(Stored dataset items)
-=-=-=-=-

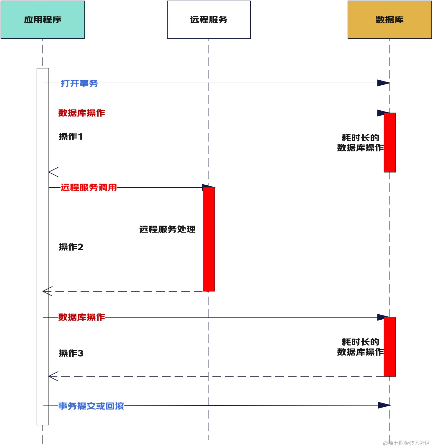 如果事务中有耗时长的SQL或有RPC操作可能会导致事务时间变长,会导致并发量大的情况下数据库连接池被占满,应用无法获取连接资源,在主从架构中会导致主从延时变大。
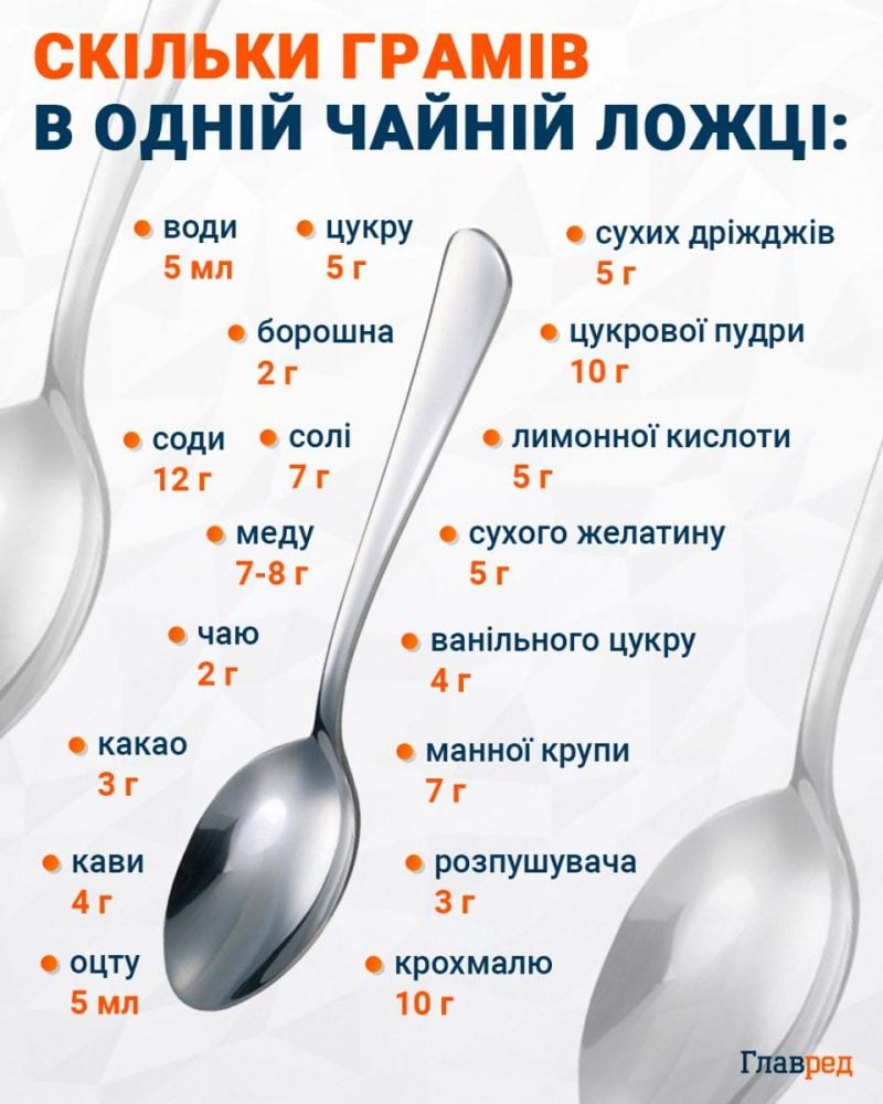 Як легко відміряти інгредієнти. У чайній ложці – 5 г, в столовій ложці – 15 г. ¼ чашки 250 мл – 60 г. ½ чашки 250 мл – 120 г. Ціла чашка 250 мл – 240 г.
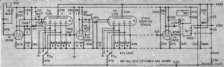 Uses miniature gas-filled decade counters that provide visual indication of count along with high reliability. Schmitt-trigger input feeds mono between counter tubes. Can produce output after desired count if counter is initially reset to complement of the desired number.-K. Apel and P. Berweger, Miniature Gas-Filled Tubes For High-Speed Counting. Electronics. 33:8,p46-47. (View)
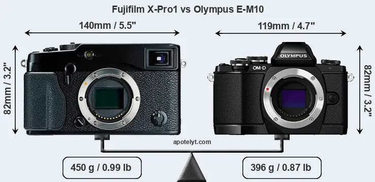 Size Fujifilm X-Pro1 vs Olympus E-M10
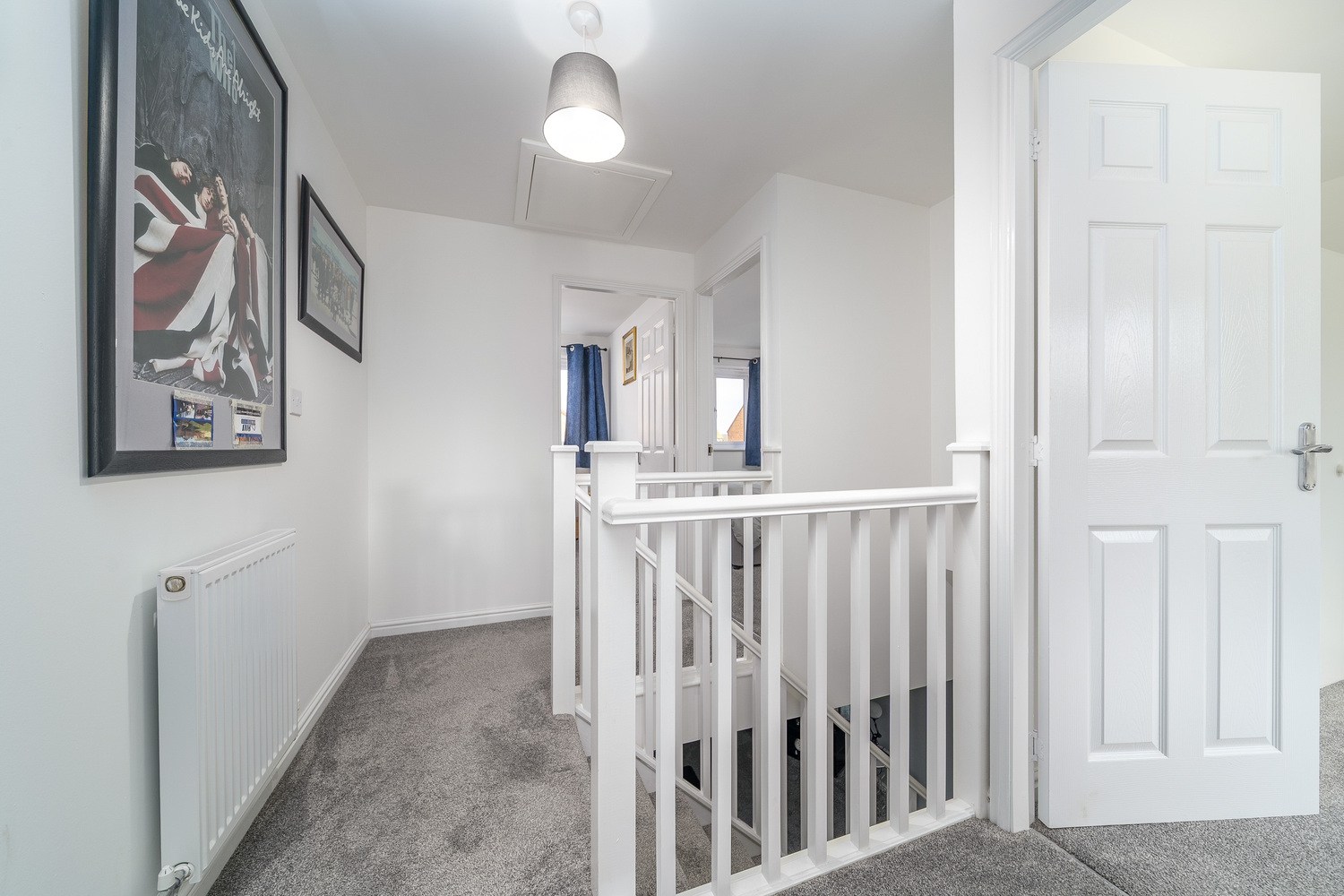 Taking the stairs to the first floor, the horseshoe shaped landing opens out to three bedrooms and the family bathroom. Loft access is available. All the bedrooms are neutrally decorated allowing the easy addition of accent colour should you so wish and benefit from a lovely silver-grey carpet which creates a seamless transition between the different rooms.
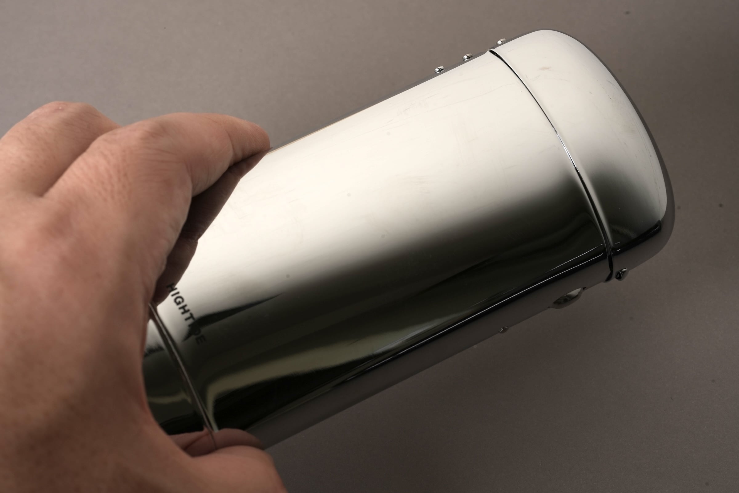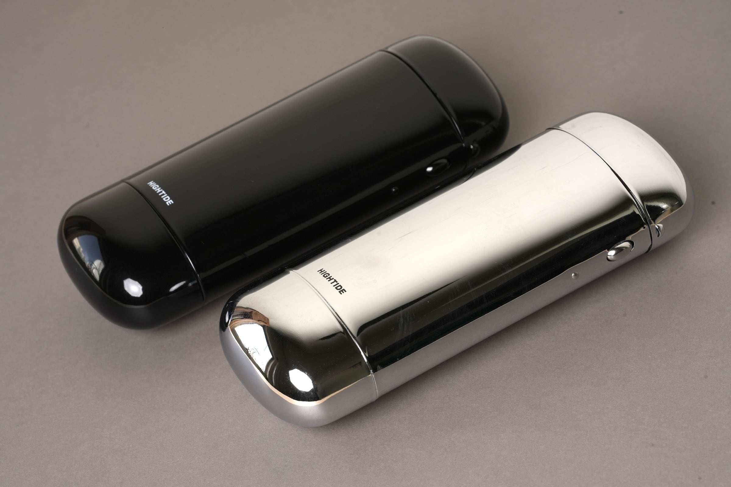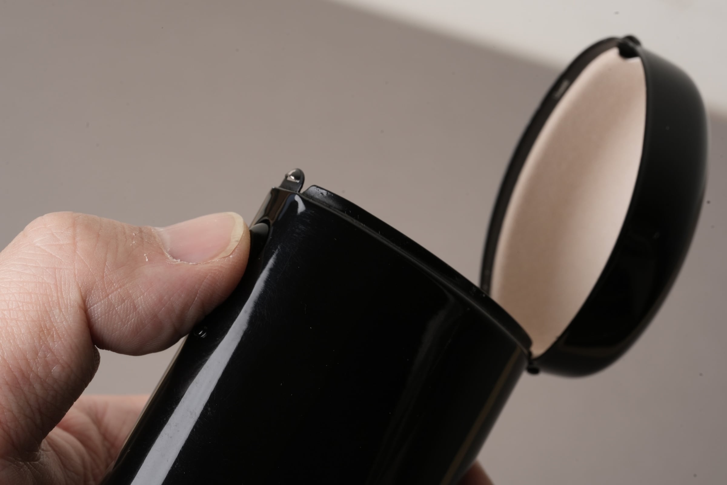 ボタンひとつで蓋が「カパッ」と開くスチール製のメガネケース。
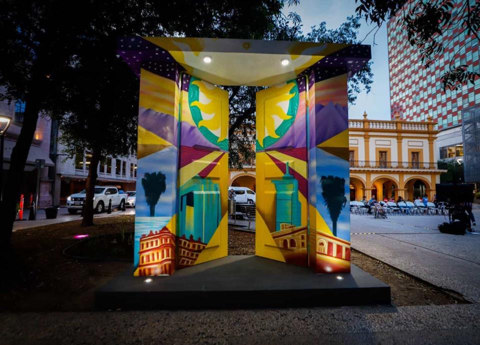 En la Alameda se instaló la puerta decorada por Adán Sánchez, quien reflejó al Monterrey antiguo, la silueta de un obrero y medio rostro de una joven mujer.
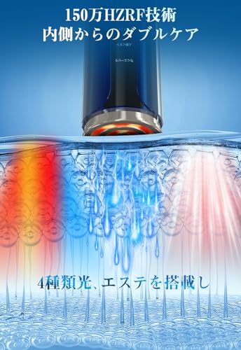 この2025年新モデルのEMS美容器は、EMS微電流による筋肉刺激、RF技術による肌の深層加温、さらには4色LED光エステや超音波振動、イオン導入といった多彩な機能を1台に集約し、幅広い肌悩みに対応しています。

-=-=-=-=-

* [Exercise]
Look above for the line with "Uses miniature gas-filled" and the line with "ボタンひとつで蓋が「カパッ」と開くスチール製のメガネケース。". Copy them and every line between, exactly, but no pictures.

* [Reply]
 Uses miniature gas-filled decade counters that provide visual indication of count along with high reliability. Schmitt-trigger input feeds mono between counter tubes. Can produce output after desired count if counter is initially reset to complement of the desired number.-K. Apel and P. Berweger, Miniature Gas-Filled Tubes For High-Speed Counting. Electronics. 33:8,p46-47. (View)
 Size Fujifilm X-Pro1 vs Olympus E-M10
 Taking the stairs to the first floor, the horseshoe shaped landing opens out to three bedrooms and the family bathroom. Loft access is available. All the bedrooms are neutrally decorated allowing the easy addition of accent colour should you so wish and benefit from a lovely silver-grey carpet which creates a seamless transition between the different rooms.
 ボタンひとつで蓋が「カパッ」と開くスチール製のメガネケース。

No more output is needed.